On Tue, Jun 3, 2014 at 7:49 PM, Jed Rothwell <[email protected]> wrote:
> James Bowery <[email protected]> wrote:
>
>> Whenever you see some idiot standing on a bully pulpit in media,
>> government and/or academia and saying "Who could have foreseen?"  You can
>> bet someone did foresee it and not just because a broken clock is right
>> twice a day.
>
>
> Yes, indeed.
>
> The Three Mile Island disaster was foretold, as I wrote earlier. The
> engineer who did field inspections reported that the same events had
> happened in other plants of this design, and that if it happened under full
> load the results might be disastrous.
>
> That is one example. There is a similar one that makes me feel sorry for
> regulators and field engineers.

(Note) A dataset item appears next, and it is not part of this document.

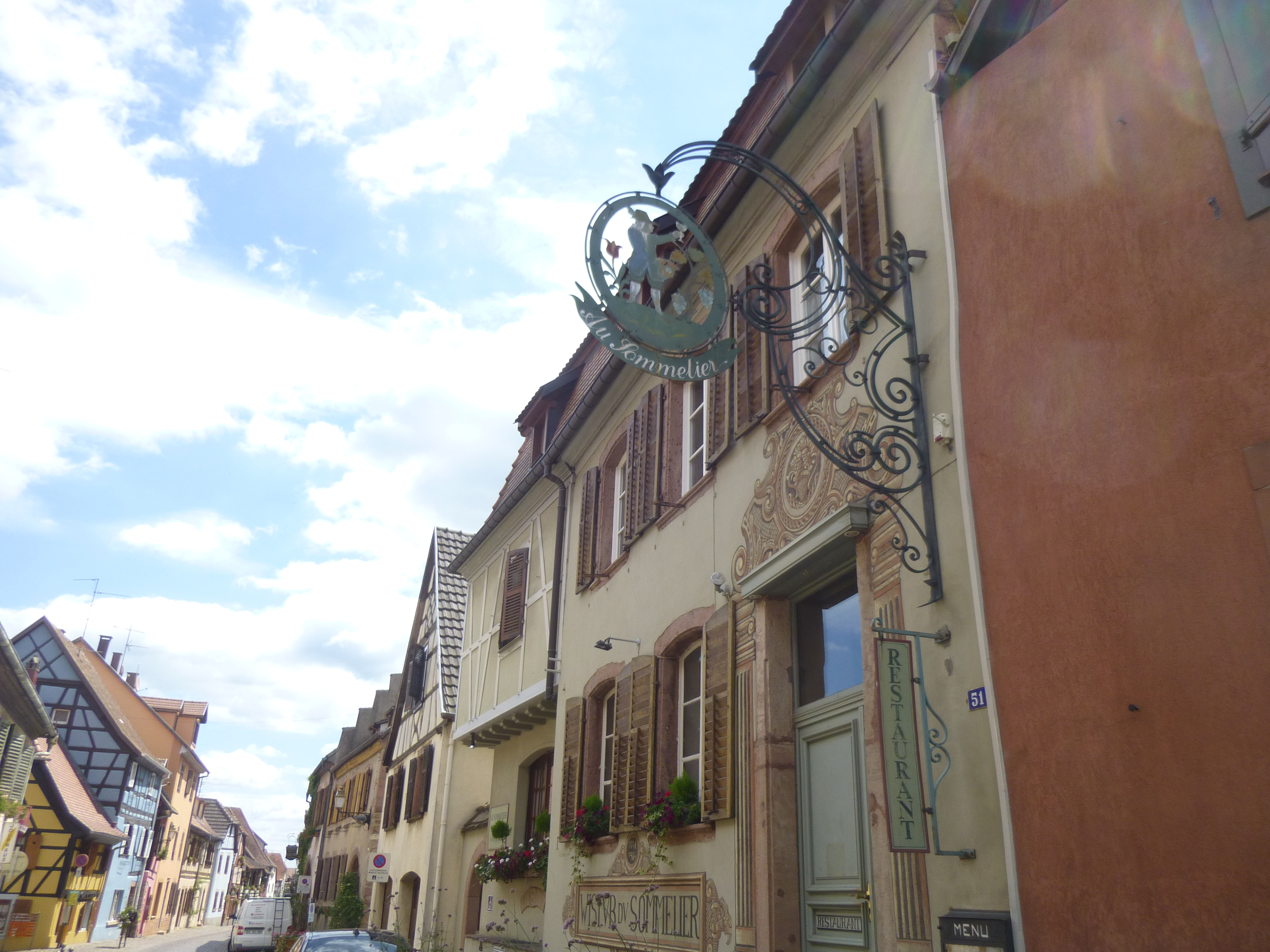 通り沿いに点在する“ Route des Vins d'Alsace ”(アルザスワイン街道)の標識がワイン街道の目印。村と村の間の公共交通は発達していないので、できることならレンタカーやタクシーを利用したい。

After Fukushima, someone found a report
> buried in the files saying: "There is historical evidence of high tsunamis
> in this area, so we should build up the sea wall in this reactor complex,
> and take other steps to avoid a catastrophe from a tsunami."
>
> In other words, Fukushima was a disaster foretold, just as Three Mile Island
> was. A reporter asked a Japanese official about this. The official responded
> with a bout of honesty that I suppose was induced by months of overwork and
> worry. He said something like: "You can always find a report predicting a
> disaster. Any disaster. We look at every scenario. We have experts in every
> field look into anything imaginable. The thing is, if you were to turn off a
> reactor until every possible scenario is covered, you would never turn it
> on." That was prophetic. Soon after that, they turned off nearly every
> Japanese nuke, and most are still off.
>
>
> Risk can never be fully eliminated. Ordinary members of the public have
> difficulty understanding this, but engineers know it. People get upset when
> airplanes crash or factories burn down. Sometimes they are justified in
> getting upset, such when a factory has a terrible safety record. Other
> times, people should simply accept that risk is inevitable despite our best
> efforts.

How do you view the decision to not build a higher sea wall?
Was it an acceptable cost vs risk tradeoff or a criminal mistake?